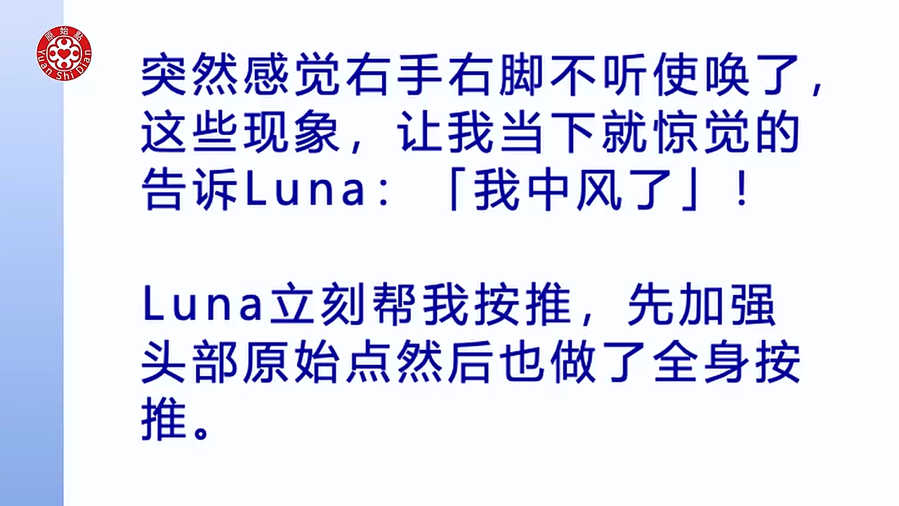 - 程经理在中风初期迅速识别症状,并立即进行原始点按推,特别是头部原始点的按推。
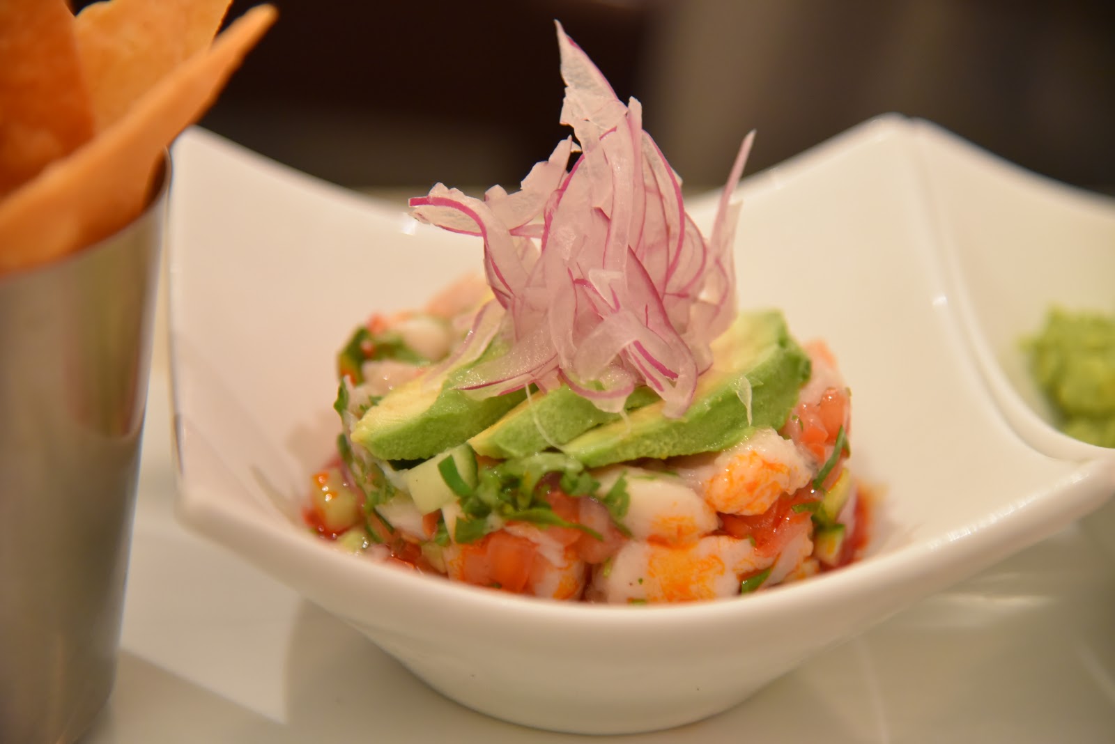My favorite appetizer is, hands down, ceviche mixto. White prawns, mahi-mahi, and scallops ('cooked' in lime juice and tequila) with tomato, red onions, avocado, cucumber, and cilantro. All neatly packaged in a circular disk in a bowl that lets the guajillo oil drizzled on top permeate through the body of the dish.
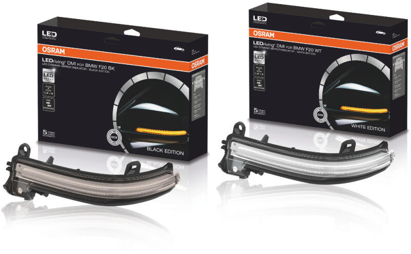 Az Osram LEDDMI BMW F20WT tükörbe építhető LED irányjelző sáv, a BMW autókba szerelt, tükörbe épített hagyományos jelző lámpák helyére jelentenek korszerű LED -es világítási megoldást. Az Új Osram LEDDMI BMW F20WT tükörbe építhető LED irányjelző sáv jól látható dinamikus futó fénnyel világít így magasabb esztétikai élményt nyújt, mint a standard változa
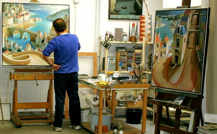 Michiel Schrijver (1957) werd geboren in het Gooise Blaricum, maar zijn schilders aspiraties zouden hem later tot ver over de Nederlandse grenzen voeren. Hij begon zijn kunstopleiding in 1976 aan de Dartington School of Art in Devon, gevolgd door de Byam Shaw School of Arts en uiteindelijk de Camberwell School of Art in London, waar hij in 1981 afstudeerde. Daarna verdiepte hij zijn schildersvaardigheden aan het Nederlandse Centrum voor Ambachten te Amsterdam, waarna hij in 1985 zijn eerste eigen galerie en atelier opende. Vanaf 1993 is Michiel Schrijver uitsluitend aan het werk als autonoom schilder. Voordat hij aan een schilderij begint, tekent hij hele schetsboeken vol met zijn ideeën. Alleen de schetsen die het kritische oog van de meester kunnen doorstaan, worden met acrylverf vastgelegd op het doek. Bepaalde elementen komen daarbij steeds weer terug: ingenieuze bouwwerken met pilaren, koepels, bruggen en bogen, daarbij vaak voorzien van linten, wapperende vlaggen of wegwijzers met nummers en cijfers. Of er al dan niet een diepere betekenis aan al deze elementen vastkleeft, blijft open voor interpretatie.
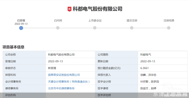 科都电气股份有限公司要上市募资6.37亿元 企业基本资料 深交所官网显示,创业板IPO获得受理,公司拟募资6.37亿元 来源:深交所、科都电气股份有限公司网站
○ ○ ○ ○
A word-for-word copy of the lines from the start of the listing through the line containing "Az Osram LEDDMI" is the answer. Pictures stay out of it.

→ TASK RESULT
 - 程经理在中风初期迅速识别症状,并立即进行原始点按推,特别是头部原始点的按推。
My favorite appetizer is, hands down, ceviche mixto. White prawns, mahi-mahi, and scallops ('cooked' in lime juice and tequila) with tomato, red onions, avocado, cucumber, and cilantro. All neatly packaged in a circular disk in a bowl that lets the guajillo oil drizzled on top permeate through the body of the dish.
 Az Osram LEDDMI BMW F20WT tükörbe építhető LED irányjelző sáv, a BMW autókba szerelt, tükörbe épített hagyományos jelző lámpák helyére jelentenek korszerű LED -es világítási megoldást. Az Új Osram LEDDMI BMW F20WT tükörbe építhető LED irányjelző sáv jól látható dinamikus futó fénnyel világít így magasabb esztétikai élményt nyújt, mint a standard változa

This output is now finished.